Pour autant, les entreprises ont fait preuve d'une certaine résilience les poussant à agir : 53 % ont démontré une agilité numérique et 26 % ont eu recours à des outils digitaux. Le digital s'est ainsi révélé comme un bouclier contre la crise pour les entreprises prises de court pour l'affronter. Grâce à leur digitalisation, 48 % des sondés ont noté une amélioration de la relation client et 38 % y ont vu un moyen de garantir ou de sauvegarder leur activité, des taux qui atteignent respectivement 52 et 41 % dans les entreprises de plus de 20 salariés. Les entreprises se sont équipées de pages vitrines pour rester visibles durant la crise : 68 % des sondés ont un site internet et 64 % une page professionnelle sur les réseaux sociaux. Par ailleurs, les professionnels se sont davantage intéressés à leur client : 30 % utilisent des outils d'analyse pour mieux les connaitre.

Freins persistants

Le Baromètre a permis de soulever la persistance de besoins, exacerbés par la crise, en premier lieu desquels le manque de temps, pour 57 % des entreprises et 62 % de celles en décroissance en 2020. Viennent ensuite le coût et la complexité de mise en œuvre, pour respectivement 46 et 36 % des entreprises. En quatrième position, le manque de compétences en interne concerne 50 % des entreprises et les touche de manière hétérogène selon leur implantation régionale, les régions du Sud souffrant davantage d'un manque de compétence. Les entreprises ont également besoin de plus de formation et d'accompagnement dans ce domaine et plébiscitent un meilleur accès aux formations sur le digital et une simplification des outils digitaux.

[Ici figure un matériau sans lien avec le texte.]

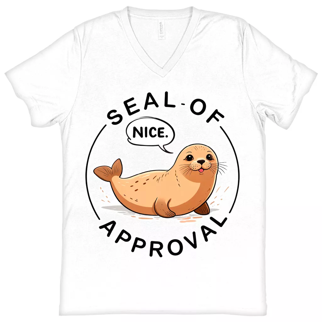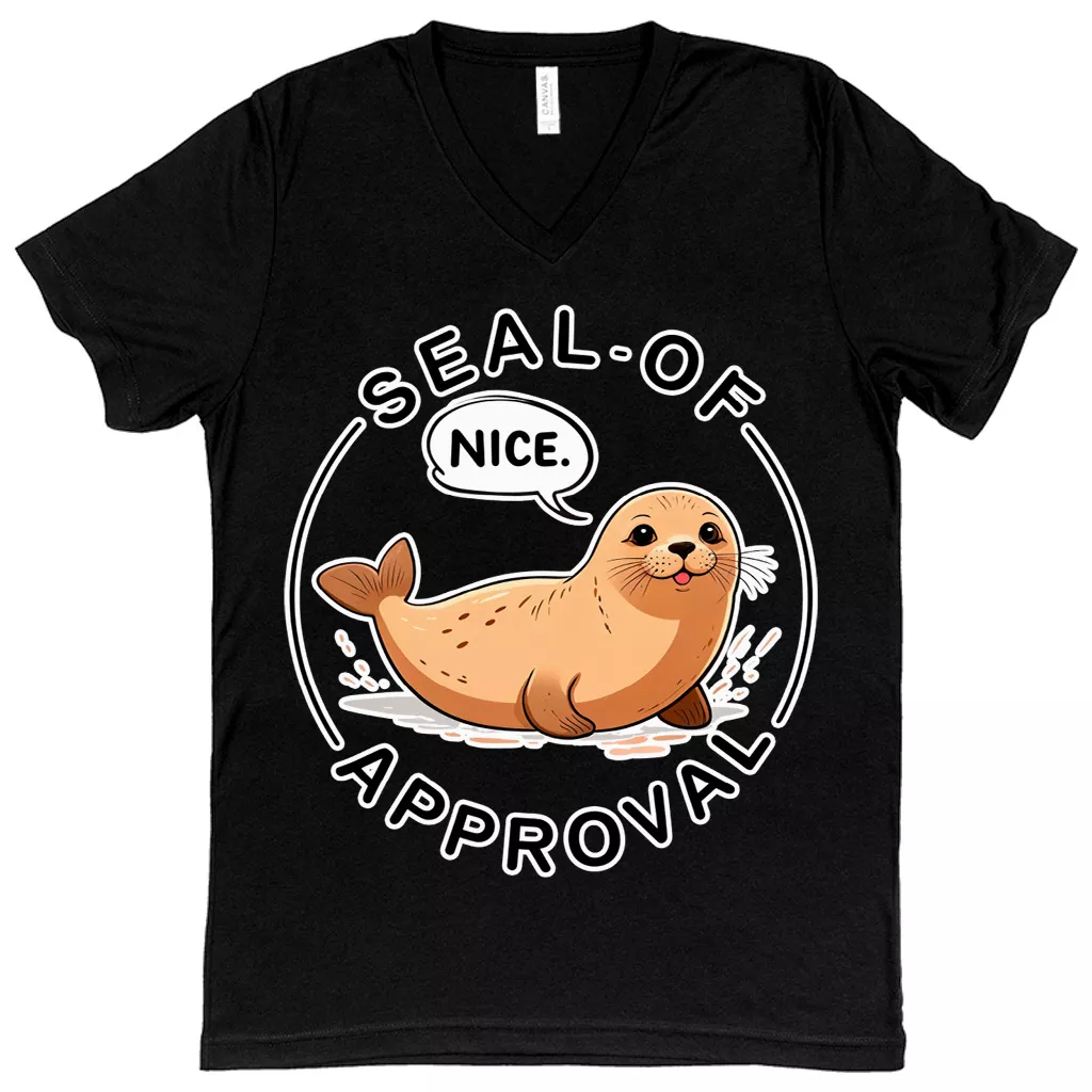 Seal Of Approval V-Neck T-Shirt – Cute Pun Basic T-Shirt – Seal Lover Tee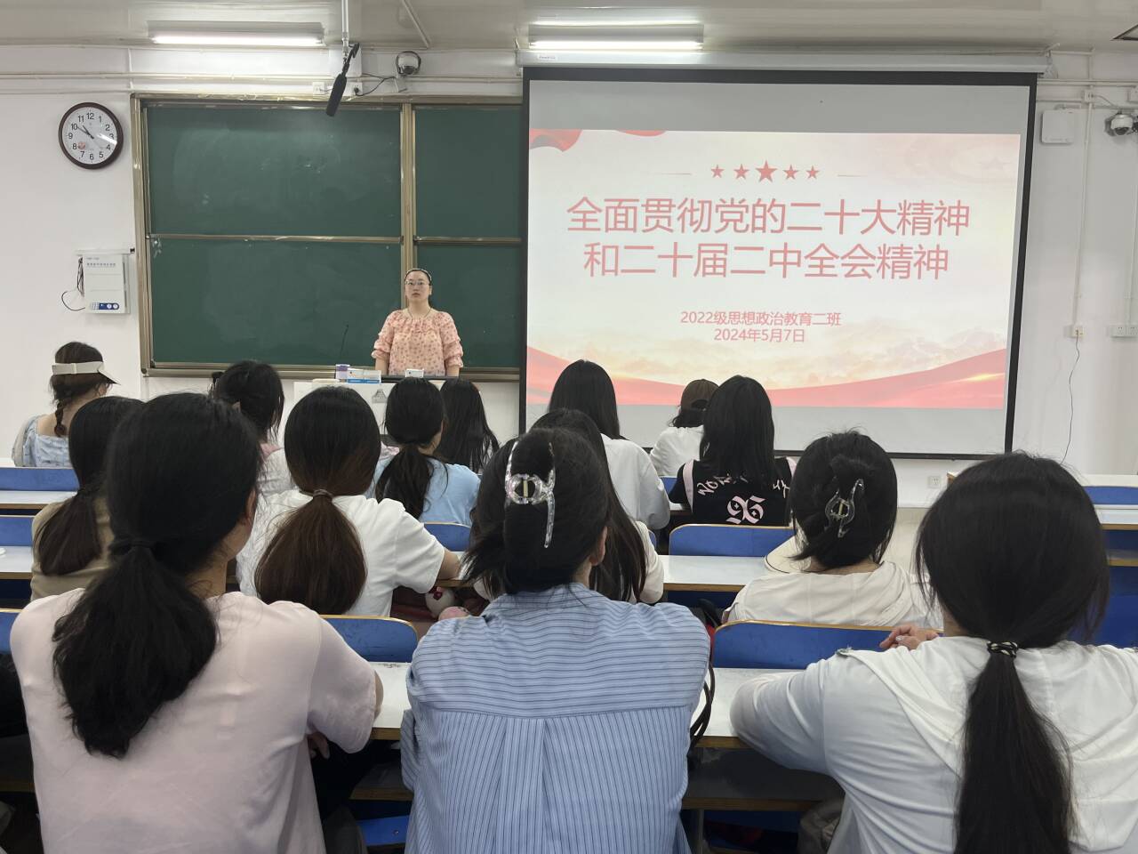 5月7日上午,beat365亚洲版官网2022级思想政治教育二班在社科楼514教室召开全面贯彻党的二十大精神和二十届二中全会精神主题团课。beat365官网2022级思想政治教育二班全体成员共同参与此次团课。团课由团支书李佳音主持。

La crise, accélérateur de la digitalisation en entreprise

Suite à la présentation du Baromètre, Didier Kling a été invité à en présenter son analyse. Le président de la CCI Paris Ile-de-France, qui a rappelé le rôle d'accompagnement et de formation des entreprises de la CCI, a constaté que la crise, qui a mis en évidence le retard de la France dans le domaine du digital en comparaison avec ses homologues, a également accéléré la digitalisation des entreprises et leur prise de conscience de l'atout majeur qu'elle représentait pour surmonter la crise. Dans ce contexte, la CCI accompagne les entreprises, les petits commerçants qui veulent bénéficier d'une plateforme en ligne pour développer des ventes autres que physiques, davantage délaissées par les consommateurs en cette période de crise sanitaire. Didier Kling, soulignant que le Gouvernement participe à cette aide via le plan de relance qui consacre 400 millions d'euros à la digitalisation des entreprises, a également rappelé que la CCI a été missionnée pour effectuer environ 10 000 diagnostics auprès d'entreprises éligibles aux aides de l'Etat. S'agissant de la formation, toutes les écoles de la CCI Paris IDF insistent sur la digitalisation.

La digitalisation s'adaptant à l'actualité, un nouvel outil digital a vu le jour en cette période de fêtes, « Ma place de Noël », en partenariat avec La Poste, mis en place dans les communes et d'accès gratuit pour les commerces. Didier Kling a conclu cette présentation sur un ton positif, rappelant que la France est forte de startups spécialisées dans la conception d'outils digitaux, brillantes dans ce domaine et qui collectent un nombre important de fonds puisque les collectes prévues pour cette année, qui atteignent sans mal le milliard d'euros, vont permettre à la France de dépasser à la fois l'Allemagne et le Royaume-Uni.